Hey, kids, you want to know why horror is the best genre?  Because, most of the time, there is absolutely no time for bullshit, unlike my reviews.  LIKE a lot of the movies I review, this one follows the "keep it simple, stupid" edict with getting a story together.  There's a rich guy who wants to learn about life after death.  There's a creepy old castle that is reputed to be the most haunted house in the world (actually said in the film).  And rich guy wants to hire a group of paranormal researchers to venture to the house and see if they can attain proof of the ghost world.  With that, it's off to the film's omnipresent Belasco House, named after family patriarch and supposed head-ghost-in-charge Emeric Belasco, where all of the movie's seances, happenings, and other assorted chicanery unfolds.

First things first - the atmosphere in this movie is fantastic.  The Belasco House is made up to the hilt, with director John Hough and his production team decorating the place with enough menacing colors and shadows that this set could have easily been used in a Gothic period piece film.  +52 additional Fonzie cool points to the movie in this regard.  But where the movie starts to fall short in a few areas is its surrounding characters. 

Make no mistake, The Legend of Hell House has a fantastic group of ACTORS at its disposal.  In addition to Franklin, you've got Roddy McDowall up on the screen doing his thing.  Weirdly enough, I'd never seen this guy in anything until the last couple of years, but now he seems to be popping up in everything that I'm watching.  A first-season Columbo episode, the pilot movie of Night Gallery...yeah, while the rest of the world cares about zombies and Game of Thrones, I'm all about '70s horror TV, baby.  Clive Revill and Gayle Hunnicutt are also good actors all things considered.  But with the exception of Franklin, it's the characters that they play that let the material down. 

So...Revill plays the leader of the group, a scientist named Lionel Barrett who quickly establishes himself as the unabashed and slightly annoying skeptic in this story.  He's accompanied by his lovely wife Ann (Hunnicutt), a character who is essentially just along for the ride and to provide some sexual tension later.  Oh yeah, spoiler alert.  But Barrett's aces are the other two - the pair of mediums, one a spiritualist (Franlin) and the other a physical manifester (McDowall, and yes, I know that "manifester" isn't even a word - deal with it).  The early goings of the film have Barrett and his mediums attempting to contact the spirits of the house and get their holy proof, an early sequence granting the audience an earth-shattering long glimpse of Pamela Franklin in her medium...um..."costume."  And it's glorious.

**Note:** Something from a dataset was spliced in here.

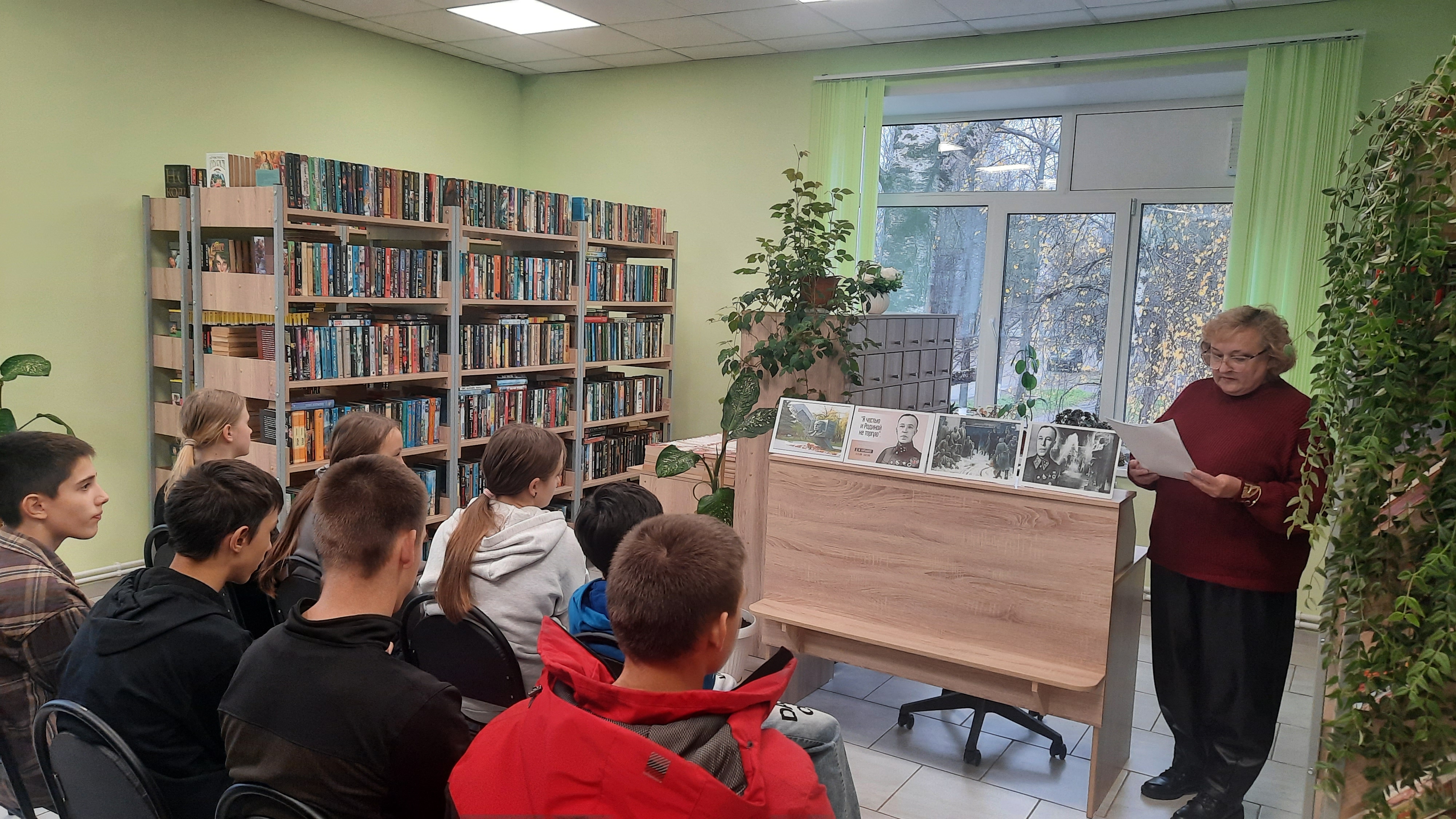 26 октября исполнилось 145 лет со дня рождения Героя Советского Союза Дмитрия Михайловича Карбышева. Подвигу этого человека был посвящен урок мужества «Карбышев: дорога в бессмертие», который прошел на абонементе центральной библиотеки. Библиотекарь Полунина В.Ф. рассказала ребятам о жизни и деятельности нашего соотечественника, они узнали о подвиге, который совершил советский генерал. Завершилось мероприятие обзором выставки «Непокоренный генерал».

This movie is all about the slow build.  Fortunately, the middle portions pick up after introducing us to this group of mostly milquetoast characters as the movie becomes all about Florence Tanner, the younger medium played by Franklin.  See, Tanner is convinced that the house is haunted by many ghosts, including family members and victims of the notoriously cruel Emeric Belasco.  There's a fascinating little saga involving Tanner attempting to release an entity that she believes to be Belasco's son from his prison in the house.  The relationship takes on the air of a tragic romance at points, at one point even evolving to the point of Tanner stripping down to nothing and inviting the ghost into her bed to share some ghostly action with.  Much like the medium costume scene, it's a cinematic masterpiece.  While all of this is going on, McDowall is in the background, simply watching the proceedings.  His character was involved in a similar operation years ago that ended with everyone besides himself dead, so surely you can understand his apprehension.

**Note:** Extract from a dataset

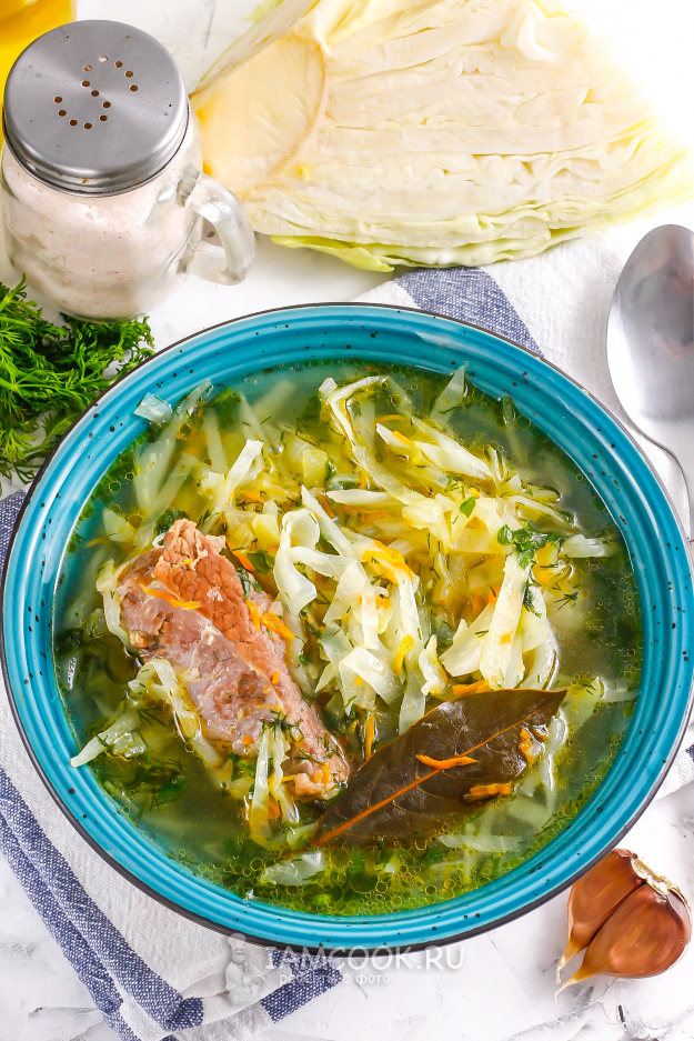 Готовые горячие щи из свежей капусты без картошки разлейте в тарелки и подайте к столу вместе с хлебом, несладкой выпечкой, пампушками с чесноком и т.д.

If I haven't spelled it out enough already, there's a heavy undercurrent of sex to this film.  There's a curious subplot involving Revill's wife Ann consisting of scenes where the prim and proper scientist's wife, who may or may not be acting under the influence of the ghosts in the house, throws herself at McDowall and feverishly describes what she wants to do to him.  For his part, McDowall always throws her away, although this does cause tension with Revill.  Since I'm a moron, I'm unable to gleam any of the metaphor that the film-makers were going for here, so suffice to say, we've got lots more near nudity to play around with.  Trumpets from the heavens.  Supposedly, the sex was actually toned down quite a bit from the book that this movie was based on.  Said novel was also written by Richard Matheson, a guy who created, among other things, the awesome TV series Kolchak: The Night Stalker, which everyone should add to their Netflix list RIGHT NOW.

I realize that I haven't reviewed much of the plot of this movie, but really, it's not at all about plot.  It's all about the build, and that's a good thing, because the final trimester kind of flies off the rails.  We get a couple of quick character deaths followed by a wholly unsatisfying climax that involves lots of one particular actor doing a lot of shouting.  I won't reveal which actor this is...but really, it's a lot of shouting.  Figure it out. 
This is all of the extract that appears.